[racket] ATTN: Neil T. Racket/Math digamma (psi) function implementation
On 05/07/2013 02:58 PM, Ray Racine wrote:
> Well since I gone this far, I took the unusual step of implementing the
> algorithm (more?) correctly this time.
>
> On the Toronto scale, we are mostly accurate for most of the domain x > 0.
I noticed. Cool!
> For x<0 the use of psi(1 - x) - psi (x) = pi * cot(pi * x), not so good.
That's because you use
(* PI (cotan (* z NEG-PI)))
as part of the reflection formula instead of
(* pi (flcotpix x))
IIRC, I wrote `flcotpix' to make `flpsi0' more accurate. (I already had
a similar thing, `flsinpix', for the gamma function.)

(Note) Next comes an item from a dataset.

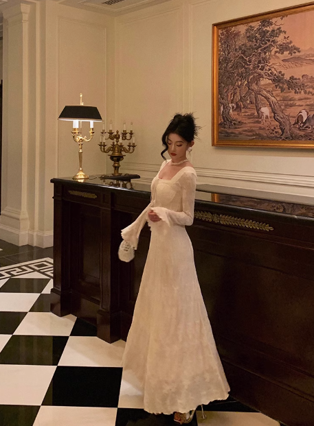 Modest A line Square Long Sleeves White Satin 21st Birthday Dress Party Gown Birthday Outfits Birthday Dress Ideas For Women DP1473
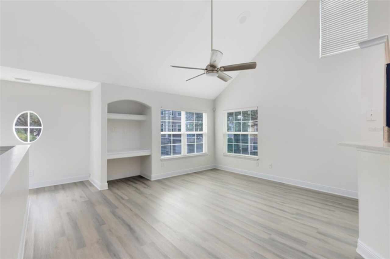Built-in Features, Ceiling Fans(s), Eat-in Kitchen, High Ceilings, Living Room/Dining Room Combo, Open Floorplan, Solid Surface Counters, Split Bedroom, Vaulted Ceiling(s)

> For x > 0, outside the subdomain around the circle x=1.48 where things
> are a bit wobbly it is pretty solid. I don't know if this is a zero of
> the polynomial or what the heck is going on there.
It's a zero of the digamma function. Zeros are always tricky. The
smaller an output is, the more small changes affect the lowest few bits.
This zero is why `flpsi0' uses a separate Taylor series approximation
(centered at the zero, ~1.46163215590743) for inputs between 1.125 and
1.9. I would do something similar for the negative zeros, but there are
so many of them...
> ;; Improved Impl of digamma
>
> #lang typed/racket/base
>
> [...]
I guessed this would be faster and just as accurate in [10,44]. You've
surprised me: it's faster and just as accurate in [8,44]. :D My
measurements have it 2x faster near 8, and 3x faster near 44. (After 44,
`flpsi0' switches to an even faster asymptotic expansion.) Nice.
I managed to get it <= 2 ulps in [4,44], though, by changing the order
of operations. Notice that this:
(+ (+ z-shift (- (fllog z) (/ 0.5 z)))
(digamma-poly (/ (* z z))))
is four additions. Just to check whether changing the order of the
additions could help, I changed it to this:
(flsum (list z-shift
(fllog z)
(/ -0.5 z)
(digamma-poly (/ (* z z))))
This got <= 2 ulps in [4,44], but was dog slow from creating lists. The
most important thing is to add from lowest to highest magnitude (though
`flsum' does something a little better). So I plotted the absolute value
of each term, and discovered that this always adds smallest to largest
for z in [4,10], where adding more accurately makes a difference:
(+ (digamma-poly (/ (* z z)))
(/ -0.5 z)
z-shift
(fllog z))
Anyway, this should make a nice drop-in replacement for the two slowish
Chebyshev approximations. Thanks!
Neil ⊥